The ETL framework using data lakes and data warehouses bake-in improvements to data privacy. While there are many other tools and steps data engineers take to increase the security of their data, simply integrating the ETL framework provides advantages to data privacy. The ETL framework necessarily decentralizes our data. Just as a data engineer collects data from Spotify’s data lake, and puts the data into separate, but related tables in our data warehouse, we can (and should) do the same thing. This makes it harder for external actors to access all of the data for our study, while also preserving information that allows us to course correct if we’ve made a mistake. This decentralization of our data increases the need for background information to understand how data are related to one another. This is good for privacy.

The side-effect of this decentralization is reproducibility. Creating and sharing a schema (even if that is a simple google doc that you share with your lab members) that details how a particular study’s data warehouse is structured, makes it easier for co-authors and lab members to quickly access data while preserving the decentralization of the data in case it is compromised. Furthermore, when the paper is published, rather than publishing all of the data, you are able to share parts of your data warehouse and keep sensitive information in other parts of your data warehouse inaccessible to non-investigators for the project.

How to implement it into an academic’s workflow?

Academics need not learn all the fancy, and expensive, cloud computing tools or to learn several coding languages in order to implement these techniques into a reproducible and secure workflow.

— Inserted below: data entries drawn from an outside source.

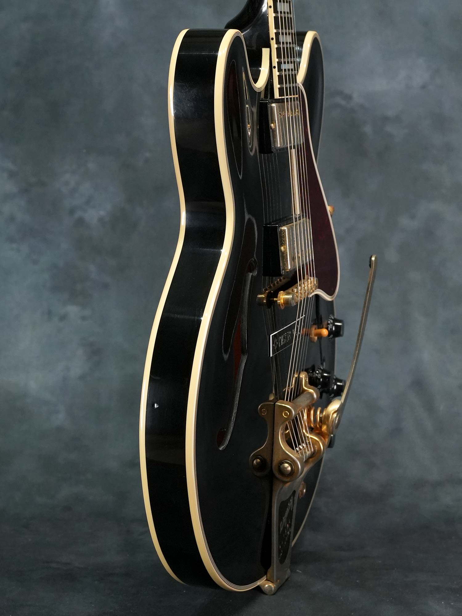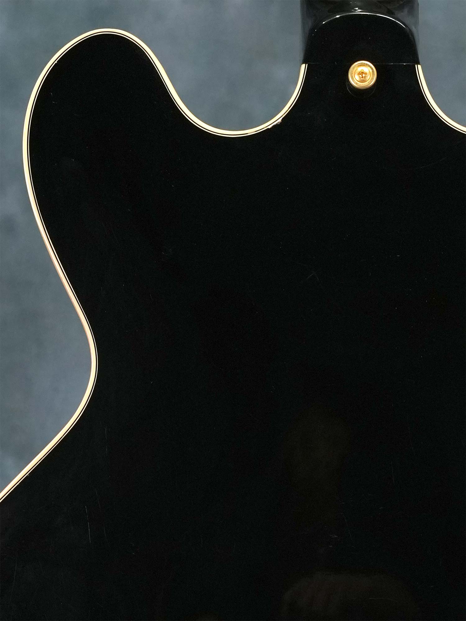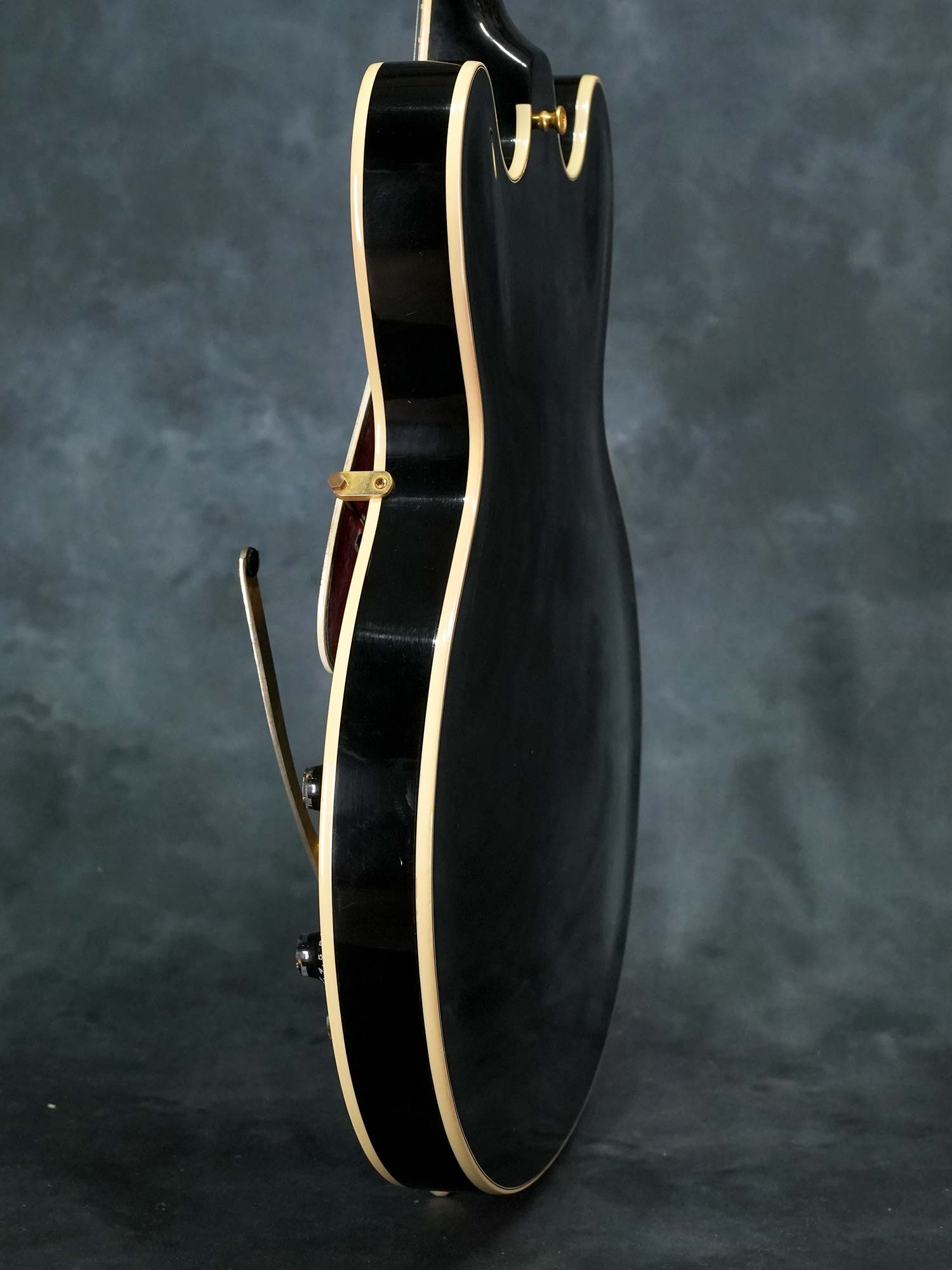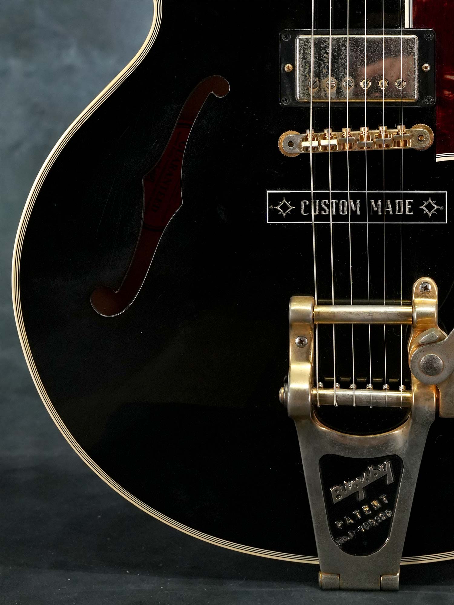 ラミネイトメイプルのセミホロウボディ、ロングテノン(ディープジョイント)のマホガニーネック、エボニー指板、Groverペグ、ピックアップはフロント&リア共にセミアコとの相性が良い57 Classicを搭載し、バリトンスイッチは非搭載、本来はストップテイルピースのモデルにBigsby B7が取り付けられた上でストップテイルピースのスタッド穴は「CUSTOM MADE」の刻印が入ったプレートで隠されています。
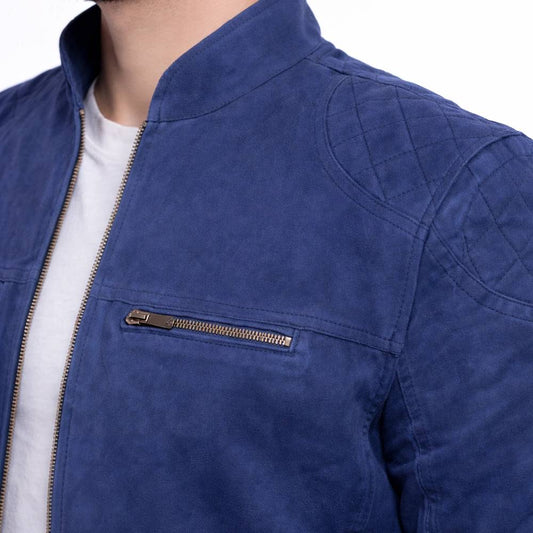 Men’s Blue Suede Leather Moto Jacket – Handcrafted Slim Fit Cafe Racer
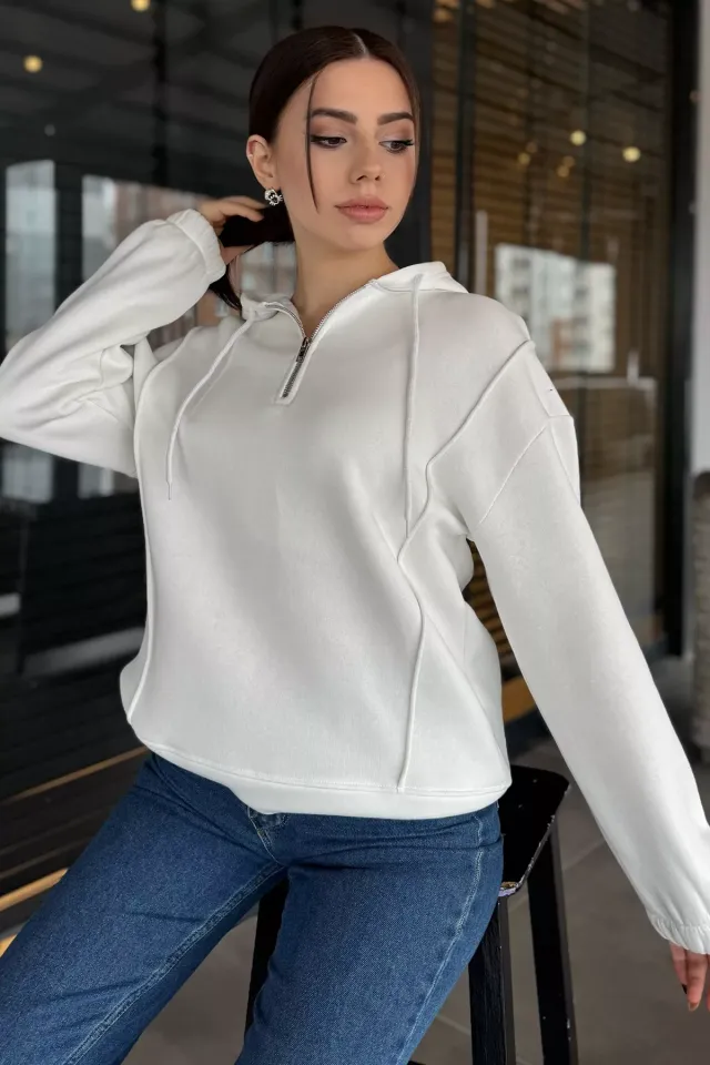 سويت شيرت نسائي من الفليس بسحاب نصف أمامي ونقشة قبلية وياقة عالية لإطلالة شتوية مريحة وأنيقة.
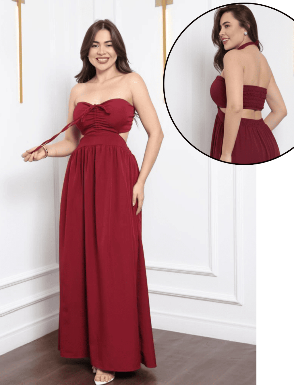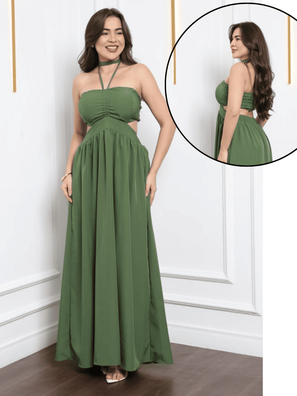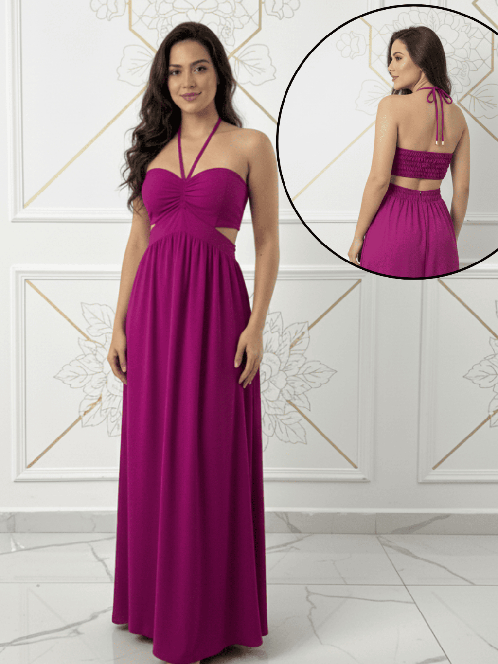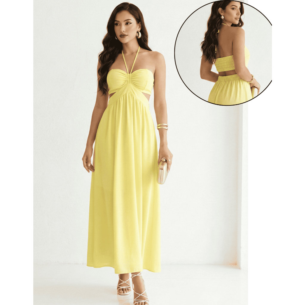 Vestido Longo Elegante detalhe Decote, Elastéx traseiro Atemporal .
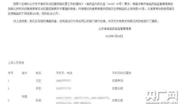 據(jù)悉,國家食藥監(jiān)總局18號局責(zé)成山東省食藥監(jiān)局會同公安和衛(wèi)生計生部門,立即查清疫苗等相關(guān)產(chǎn)品的來源和流向,并第一時間向社會公開相關(guān)信息。19號,山東省食藥監(jiān)局就公開了上下線人的準(zhǔn)確姓名和詳細(xì)電話。
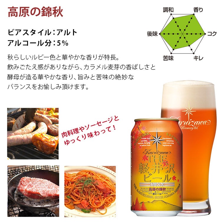 【秋限定】軽井沢ブルワリーの秋季限定「高原の錦秋(赤ビール)」は、秋らしいルビー色と華やかな香りが特長。飲みごたえ感がありながら、カラメル麦芽の香ばしさと酵母が造る華やかな香り、旨みと苦味の絶妙なバランスをお愉しみ頂けます。
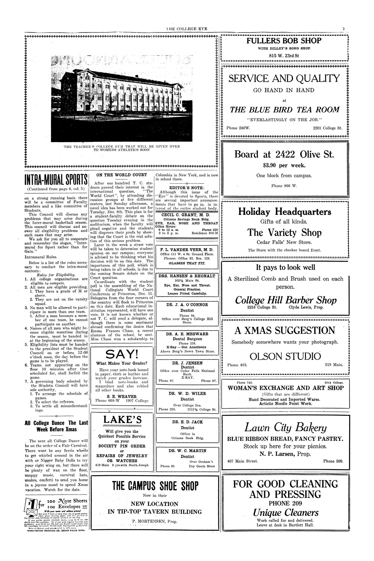 | On the World Court | Over one hundred students attended discussion sessions on the subject. |
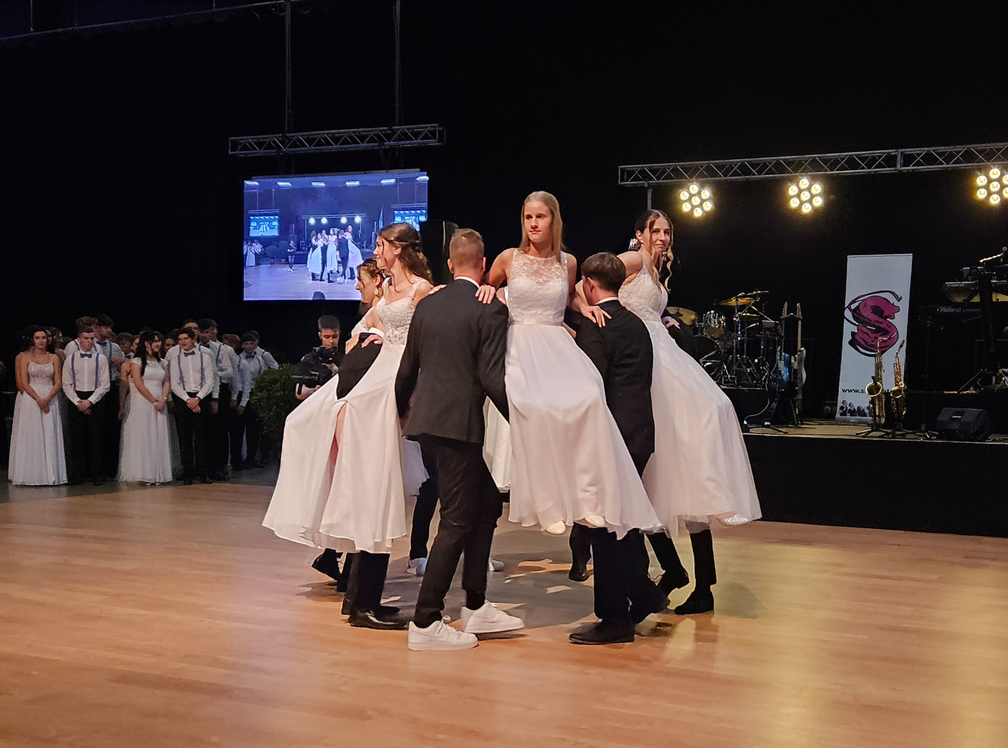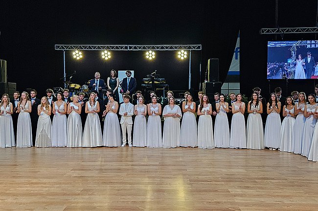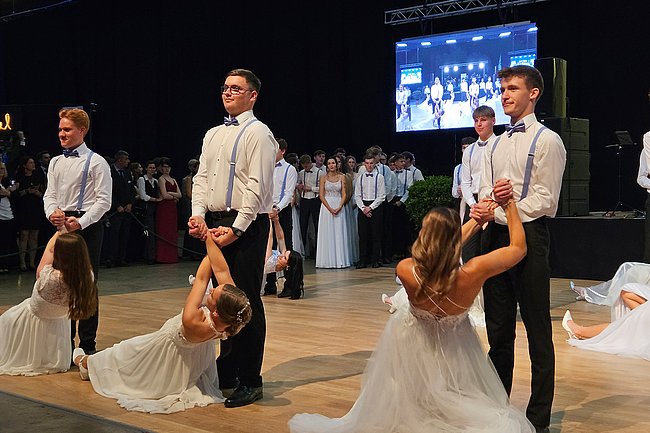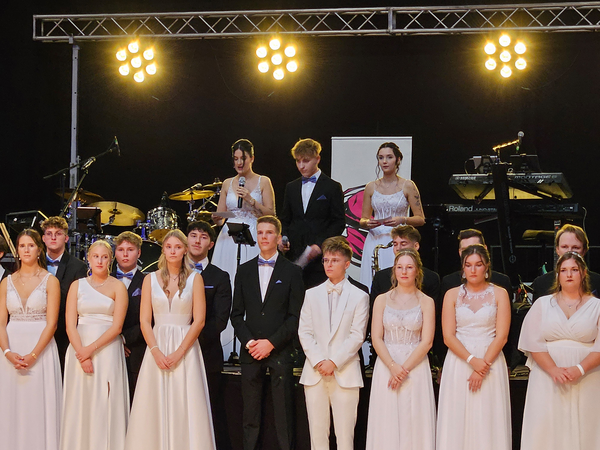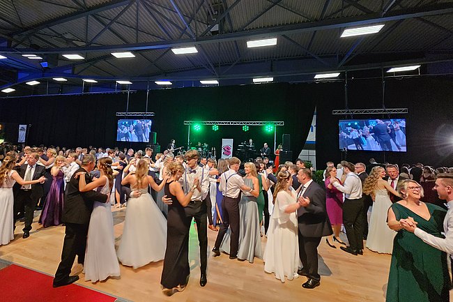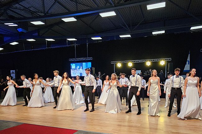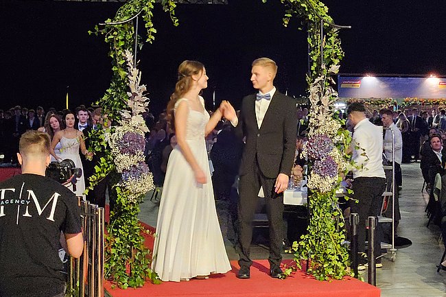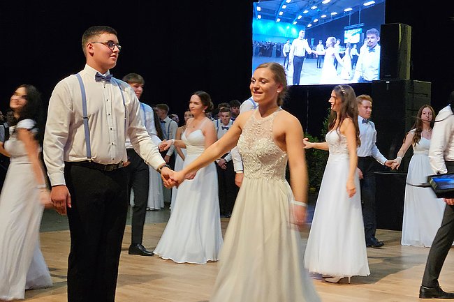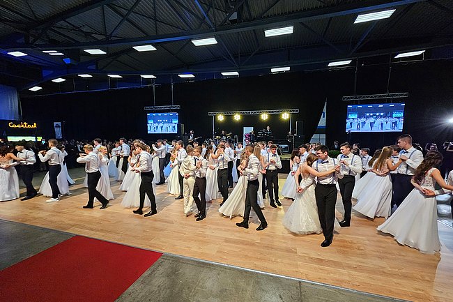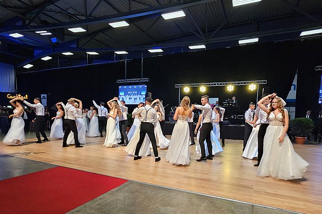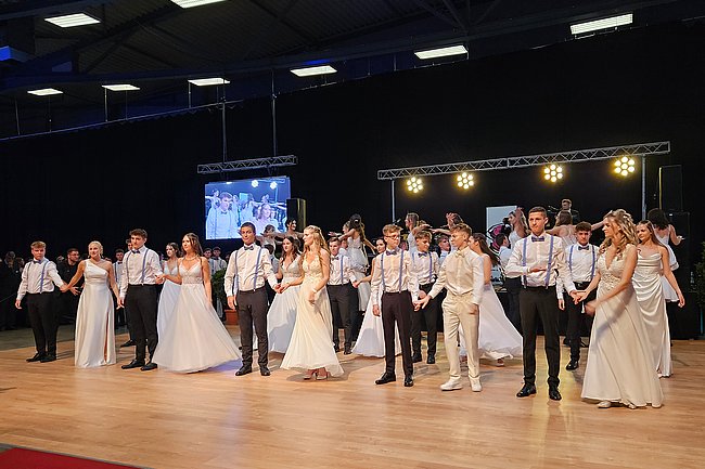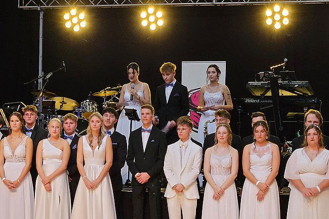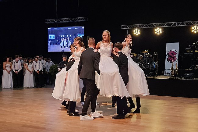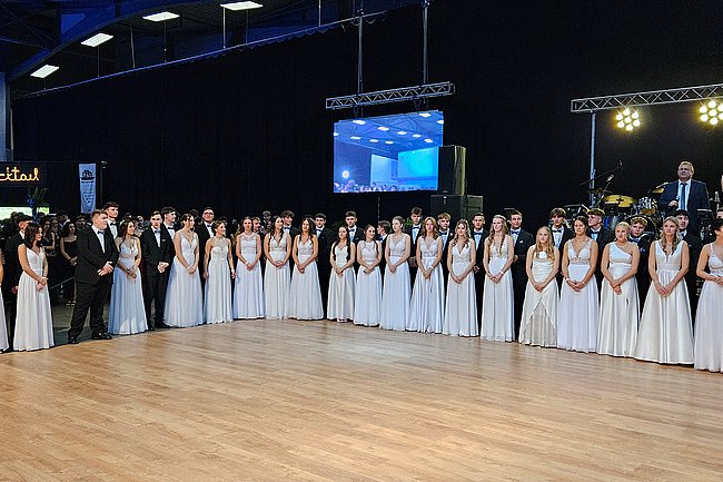 Nach dem Einzug der 63 zukünftigen HTL-Absolventinnen und -Absolventen, den die Klassenvorstände Prof. Eva-Maria Gangoly, Prof. Christoph Schermann und BL Dietmar Wanitsch ankündigten, wurde der festliche Abend mit einer mehrteiligen Polonaise eröffnet. Nach der Begrüßung durch Direktor Wilfried Lercher und Abteilungsvorständin Ulrike Hartler sorgte die Band „Skylight“ für ausgezeichnete Musik und gute Stimmung.
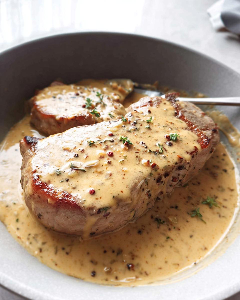 Tender pork chops seared and finished in a rich, creamy Dijon sauce, baked to perfection.
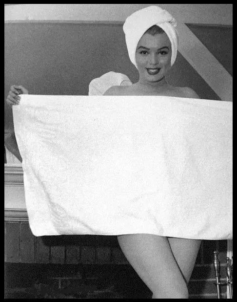这张图片是梦露于1953年在 Bel Air酒店拍摄的,道具就是一条酒店里最普通的纯白浴巾,梦露将头发用毛巾包起,仿佛刚出浴,让人浮想联翩。
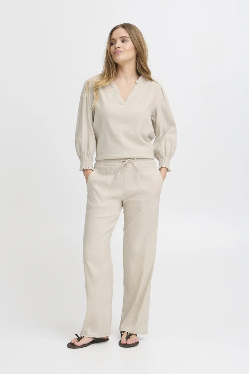 Härlig byxa med rakt ben, fickor och resårmidja.
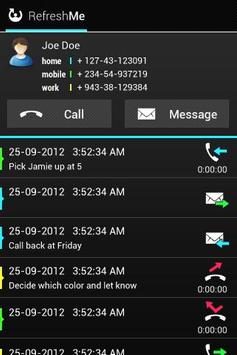 RefreshMe works without effort, just install it and the next phone call will already feel different. It automatically starts when a call is received or made and provides the past history with that person on your screen for your easy review. You’ll know when you last spoke with the person, received a message, and what it was concerning.
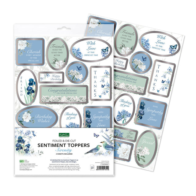 Katy Sue Serenity Foiled Sentiment Toppers, 2 sheets
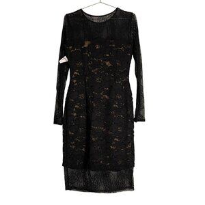 black lace dress, sheath dress, Bailey 44, medium size dress, evening wear, formal dress, lace overlay, women's dress, long sleeve dress, cocktail dress, nylon cotton blend, elegant dress, made in USA, date night, party, event, wedding
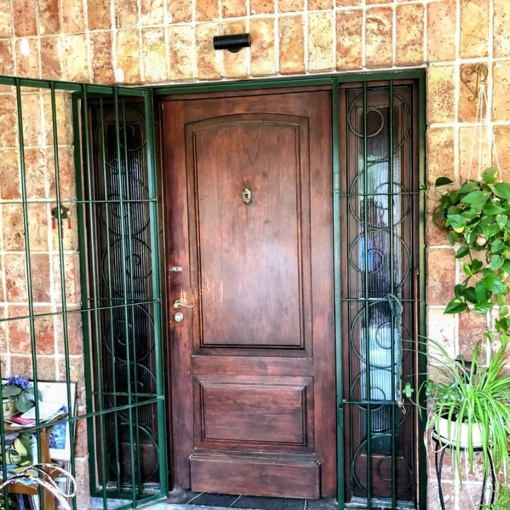 Aberturas de aluminio con rejas. Puerta de entrada blindada.
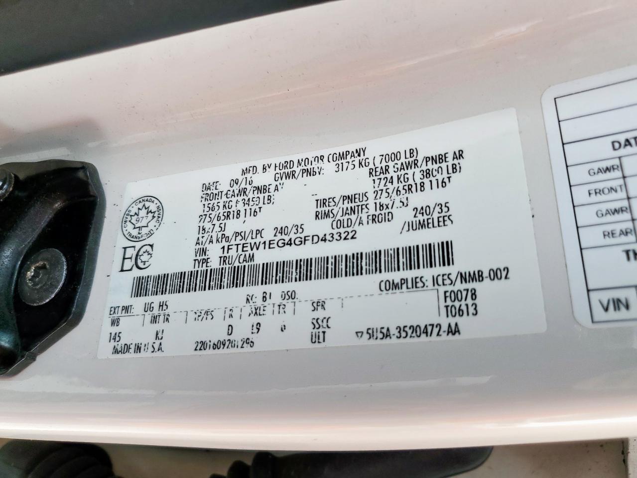 Колір БілийЦиліндри 6Привід 4x4 з заднім приводомVIN 1FTEW1EG4GFD43322Стан Заводиться та їде (перевірено)Ушкодження Град AutoRIA
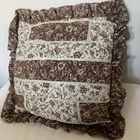 Add a touch of country charm to your bedroom or living room with this vintage 1970s brown and ivory throw pillow. The pillow features a faux patchwork fabric quilt with a floral pattern, ribbon trim, lace trim, and ruffled edges. Measuring 14 x 14 inches, it is the perfect size for both snuggling up to and displaying on your couch. Crafted by hand with care, this original and authentic pillow is made of high-quality cotton material and filled with pillow form. It is easy to care for with hand wash instructions. This unique addition to your decorative bed pillows and bed & bath linens collection is sure to impress your guests and add a cozy touch to your home. The fabric the pillow is made of is pre-quilted cotton.

Thankfully the ETL framework does not require a set of tools for it to be implemented into one’s data management workflow.

Academics can integrate the ETL framework into their workflow without too many headaches. You first Extract your data from a data lake. Your data lake would be the common places that you go to download your study’s data. Whether that is through Qualtrics, Amazon’s MTurk, a hard drive, etc. This is a common task that we all engage in already. Next, one can take their raw data and sort it into multiple CSV files with a common unique identifying column in them. While you are cleaning the data for analysis, you can transform the data by either merging data from the related tables based on the unique identifier or by simply accessing the table with the columns you need and to clean them that way. As you are cleaning the data, you can document the changes that are implemented. This should leave you with a data warehouse containing multiple CSV files containing one’s clean data. If a mistake is made, one can use the documentation during the Transformation stage to reconstruct the data warehouse.

This way of thinking of data management significantly improves reproducibility and data security. What it did was provided a structured and identifiable set of distinct steps in the data management process. These steps did not require learning any new tool nor adding a lot of extra work. Despite how easy and low-cost it is to integrate the ETL workflow into one’s own data management workflow, there are tools that are specifically designed to handle these steps and to do so quite efficiently. The tools that I discuss below are all relatively low cost in that they are open-source (do not require a software license), are well-documented, and are relatively easy to learn.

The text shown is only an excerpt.